● **TASK TO COMPLETE**:
Set down the full listing exactly as given. Any pictures are to be left out.

● **DATASET EXTRACT**:
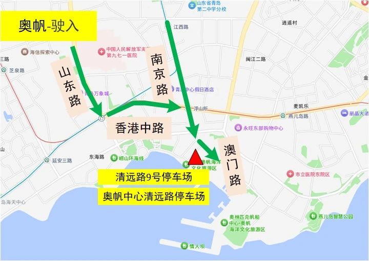 駛?cè)?/span>2:山東路→香港中路→澳門路→停車場
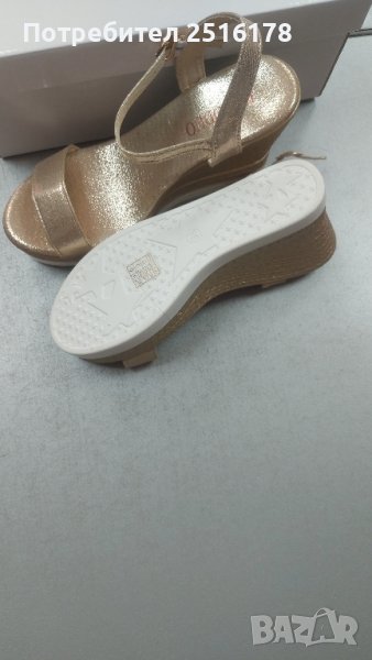 Сандалите са нови!Купувани за 59лв.Номер 38, но са малко умалени, стелката е 24 см.Височина на платформата 10 см.Много леки и удобни.
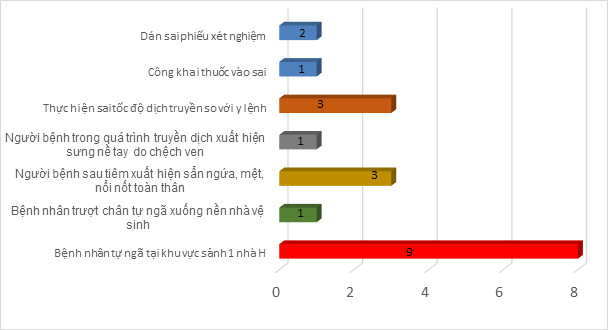 Qua biểu đồ tổng hợp các sự cố y khoa hay gặp tại đơn vị ta thấy, đa số sự cố xảy ra trên người bệnh do sơ ý va đập, trơn trượt bị ngã trong quá trình đi khám và nằm điều trị, có 9 sự cố chiếm tỷ lệ 30% . Sự cố người bệnh sau tiêm xuất hiện sẩn ngứa, mệt, nổi nốt toàn thân, có 3 sự cố, chiếm tỷ lệ 10%. Điều dưỡng thực hiện y lệnh của bác sỹ trong quá trình truyền dịch chưa đúng chiếm tỷ lệ 10%.
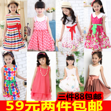 儿童纯棉印花连衣裙夏季女童全棉背心公主裙女孩舞蹈裙吊带裙包邮

● **FINISHED EXERCISE**:
 駛?cè)?/span>2:山東路→香港中路→澳門路→停車場
 Сандалите са нови!Купувани за 59лв.Номер 38, но са малко умалени, стелката е 24 см.Височина на платформата 10 см.Много леки и удобни.
 Qua biểu đồ tổng hợp các sự cố y khoa hay gặp tại đơn vị ta thấy, đa số sự cố xảy ra trên người bệnh do sơ ý va đập, trơn trượt bị ngã trong quá trình đi khám và nằm điều trị, có 9 sự cố chiếm tỷ lệ 30% . Sự cố người bệnh sau tiêm xuất hiện sẩn ngứa, mệt, nổi nốt toàn thân, có 3 sự cố, chiếm tỷ lệ 10%. Điều dưỡng thực hiện y lệnh của bác sỹ trong quá trình truyền dịch chưa đúng chiếm tỷ lệ 10%.
 儿童纯棉印花连衣裙夏季女童全棉背心公主裙女孩舞蹈裙吊带裙包邮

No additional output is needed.